Exercise data below:
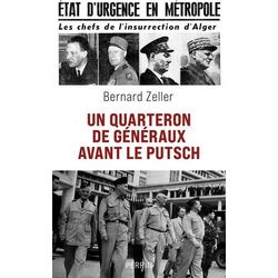 L'histoire méconnue des quatre généraux putschistes d'Alger avant 1961. 22 avril 1961 : les généraux Challe, Zeller, Jouhaud et Salan déclenchent un putsch à Alger. Le lendemain, le général de Gaulle s'adresse à la nation : Un pouvoir insurrectionnel s'est établi en Algérie [... ]. Ce pouvoir a une apparence : un quarteron de généraux en retraite. Il a une réalité : un groupe d'officiers, partisans, ambitieux et fanatiques. Ce groupe et ce quarteron possèdent un savoir-faire expéditif et limité. Si l'événement a été largement décrit, les motivations des putschistes sont restées dans le flou. Comment ces généraux, appelés aux plus hautes responsabilités par le général de Gaulle à l'issue de carrières menées sous le signe de la discipline et du service, ont-ils pu être amenés à déclencher un tel mouvement, totalement étranger à la tradition militaire française ? L'auteur, s'appuyant sur des sources non exploitées à ce jour et ayant eu accès aux archives privées des protagonistes de l'événement, restitue leurs trajectoires depuis leur engagement dans l'armée jusqu'au sommet de la hiérarchie militaire et fournit les pistes qui expliquent comment, en dépit de leurs différences de parcours et de tempérament, ils ont décidé de franchir le Rubicon. Ce faisant, il restitue tout un pan de l'histoire militaire française, de la guerre de 1914 - à laquelle ont participé Zeller et Salan - à celle d'Algérie. Un cheminement à nul autre pareil pour ces quatre serviteurs de la France, des champs de bataille à la prison de Tulle. Un ouvrage édifiant et nécessaire.
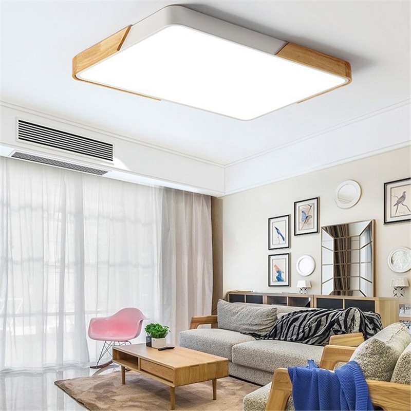 led吸顶灯马卡龙智能卧室灯现代简约大气家用长方形边木客厅灯具
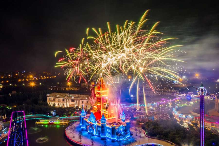 本次新春活动的一大亮点是乐园精心筹备的烟花大秀。在郑州方特欢乐世界,“盛世华章”超级城堡烟花秀将以其标志性的城堡作为背景,配合绚丽多彩的焰火,共同描绘出一幅璀璨夺目的新春画卷;而在郑州方特梦幻王国,“熊梦星河”烟花秀则通过高科技游乐设施与焰火的完美结合,营造出沉浸式的光影体验,为游客带来别样的新春记忆。
End of Exercise data.
**Exercise goal**
Everything in the data except the pictures must appear in your answer unchanged.

**Answer space**
 L'histoire méconnue des quatre généraux putschistes d'Alger avant 1961. 22 avril 1961 : les généraux Challe, Zeller, Jouhaud et Salan déclenchent un putsch à Alger. Le lendemain, le général de Gaulle s'adresse à la nation : Un pouvoir insurrectionnel s'est établi en Algérie [... ]. Ce pouvoir a une apparence : un quarteron de généraux en retraite. Il a une réalité : un groupe d'officiers, partisans, ambitieux et fanatiques. Ce groupe et ce quarteron possèdent un savoir-faire expéditif et limité. Si l'événement a été largement décrit, les motivations des putschistes sont restées dans le flou. Comment ces généraux, appelés aux plus hautes responsabilités par le général de Gaulle à l'issue de carrières menées sous le signe de la discipline et du service, ont-ils pu être amenés à déclencher un tel mouvement, totalement étranger à la tradition militaire française ? L'auteur, s'appuyant sur des sources non exploitées à ce jour et ayant eu accès aux archives privées des protagonistes de l'événement, restitue leurs trajectoires depuis leur engagement dans l'armée jusqu'au sommet de la hiérarchie militaire et fournit les pistes qui expliquent comment, en dépit de leurs différences de parcours et de tempérament, ils ont décidé de franchir le Rubicon. Ce faisant, il restitue tout un pan de l'histoire militaire française, de la guerre de 1914 - à laquelle ont participé Zeller et Salan - à celle d'Algérie. Un cheminement à nul autre pareil pour ces quatre serviteurs de la France, des champs de bataille à la prison de Tulle. Un ouvrage édifiant et nécessaire.
 led吸顶灯马卡龙智能卧室灯现代简约大气家用长方形边木客厅灯具
 本次新春活动的一大亮点是乐园精心筹备的烟花大秀。在郑州方特欢乐世界,“盛世华章”超级城堡烟花秀将以其标志性的城堡作为背景,配合绚丽多彩的焰火,共同描绘出一幅璀璨夺目的新春画卷;而在郑州方特梦幻王国,“熊梦星河”烟花秀则通过高科技游乐设施与焰火的完美结合,营造出沉浸式的光影体验,为游客带来别样的新春记忆。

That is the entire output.